Permanent Mission of the Russian Federation to the United Nations

Permanent Mission of the Russian Federation to the United Nations

Comment by the Information and Press Department on the Syrian chemical dossier

In recent days the Syrian chemical dossier has been back in the focus of the UN Security Council in connection with the October 26 release of the regular report of the OPCW-UN Joint Investigative Mechanism (JIM) on the inquiry into the use of chemical weapons in Syria and the expiration of its mandate on November 16 of this year.

In the six months since the high-profile chemical incident in Khan Shaykhun on April 4 of this year, the OPCW fact-finding mission and then the OPCW-UN JIM carried out extensive work but only remotely and without revealing sources of information or any other important data required by the Chemical Weapons Convention.

We have insisted from the very start that in the interests of a highly professional and unbiased inquiry, international experts should, in line with OPCW standards, visit the site of the incident as well as Syria’s Shayrat air base where, according to the US, sarin used in Khan Shaykhun had been stored. In May-June the OPCW was assuring us that it was working on securing safe access to Khan Shaykhun but later on declared there was no need to visit the site because the use of sarin was considered to have been established. The JIM adopted the same position. However, the UN Secretariat’s Department of Safety and Security (DSS) reported to the UN Security Council that there were guarantees of safe access to Khan Shaykhun but the inspectors simply preferred not to take advantage of them.

A strange situation has developed surrounding the issue of visiting Shayrat air base. JIM representatives went to the base at our insistence but categorically refused to take samples to establish whether sarin was used or not. This approach makes it difficult if not impossible to hope that inquiry will produce serious conclusions.

The United States insists on immediate adoption of a resolution extending the JIM mandate, while crudely distorting the Russian position by claiming Moscow will block the mandate’s extension if its conclusions are “anti-Syrian.” Such allegations are groundless. First, nobody has yet seen any conclusions because the report has not been released. Under the circumstances, Washington’s desire to extend the mandate at all costs is strange, to put it mildly. Secondly, we have always said that our position on the mandate’s extension will depend not on who is blamed but on the quality of the inquiry and its conformity with OPCW standards.
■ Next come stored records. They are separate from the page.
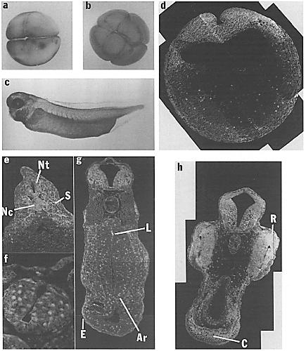 stained cells. (g) The neural tube, epidermis (E), cells lining the lumen of the archenteron (L), and a layer of cells within the archenteron
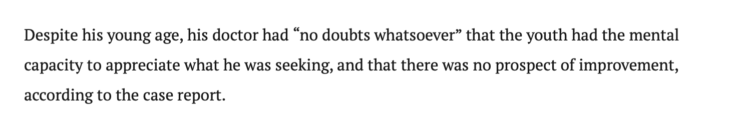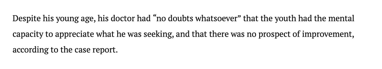 This is a total social execution, the system and world gave up on this kid. He wasn’t dying; he was lonely, so lonely he would rather die. He was struggling to navigate a world that is increasingly cold and fragmented and instead of building a bridge for him, the medical establishment gave him a needle. This kid needed support, friends and a family to pull him out of this hell he was stuck in alone. What’s worse is Dr’s are telling kids with Autism and skyrocketing rates of depression that they are terminal and won’t ever get better. This is a form of disgusting manipulation and despair.
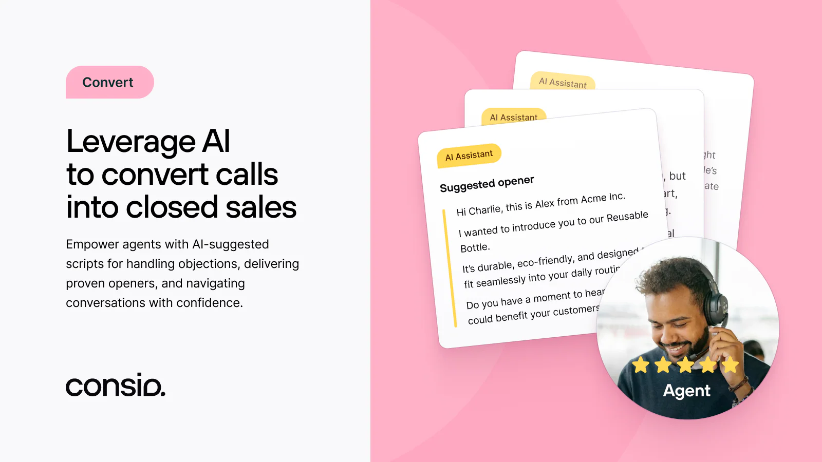 For outbound, Consio combines a power dialer with voicemail drops to launch targeted campaigns in minutes. Whether with your own reps or our partner agents, your sales take off with Consio. The real differentiator is an intelligent AI Agent that supports reps during and after calls generating talk tracks, recommending next-best actions, and providing post-call coaching. The result is smarter conversations, better timing, and higher conversion rates across the funnel.
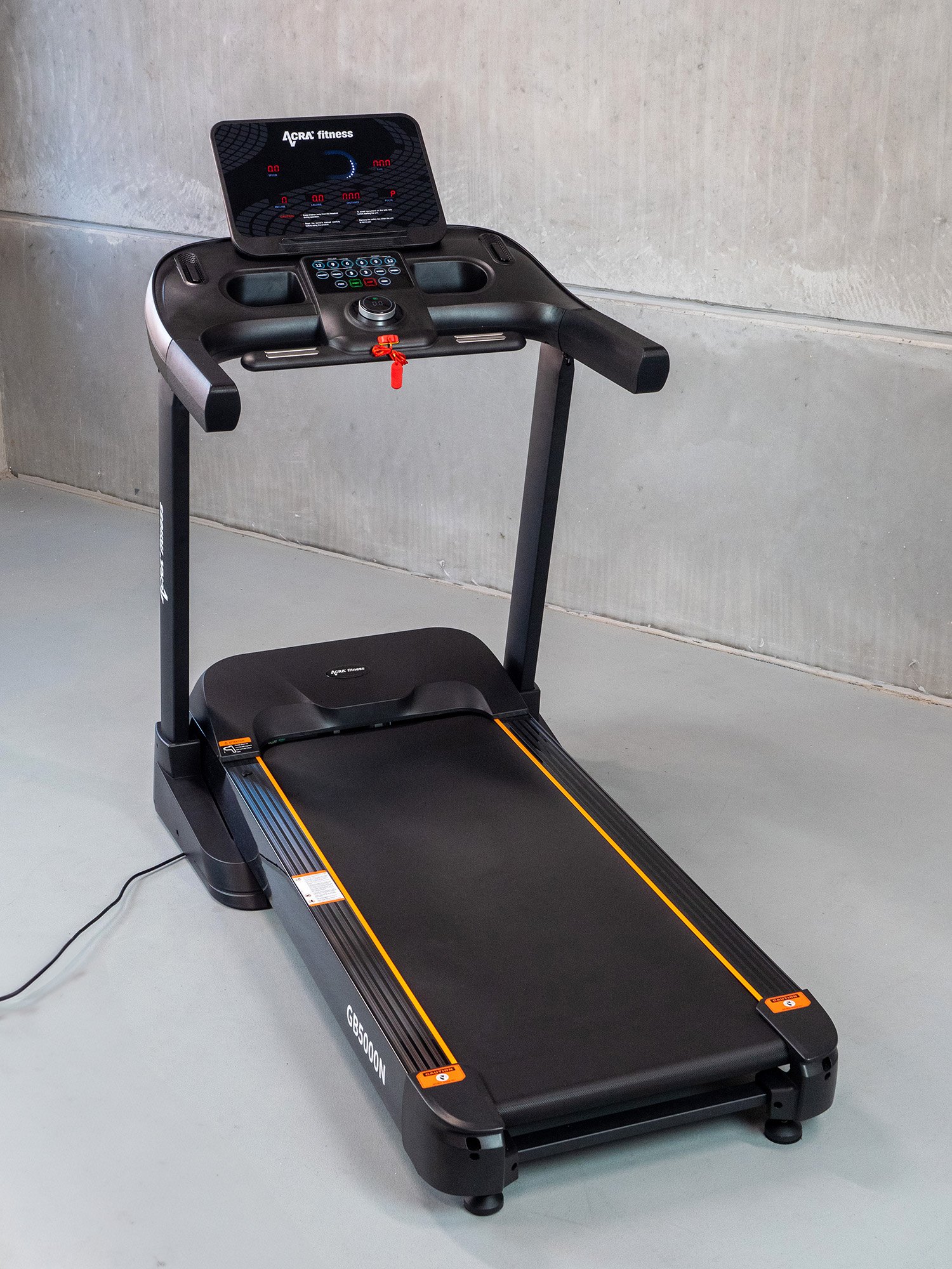 The Acra GB5000N premium treadmill offers uncompromising performance and luxurious design. With a 52cm wide belt, 7" interactive display and a powerful 4.5 HP motor you will enjoy a smooth and comfortable run. Electric lift up to 20 degrees and hydraulic folding ensure maximum workout variability. The ideal choice for demanding users looking for the best.

To make sure the UN Security Council’s decision on this issue is grounded in fact, it is first necessary to read the report because the UN Security Council did not receive any meaningful information on the JIM’s activities this year. There was no report but there was a demand to extend the mandate. This won’t do. It is necessary to act in accordance with the established practice – first to read the report of the UN-established mechanism during the period under review and then consider extending the mandate. There is no need to gin up more hysteria.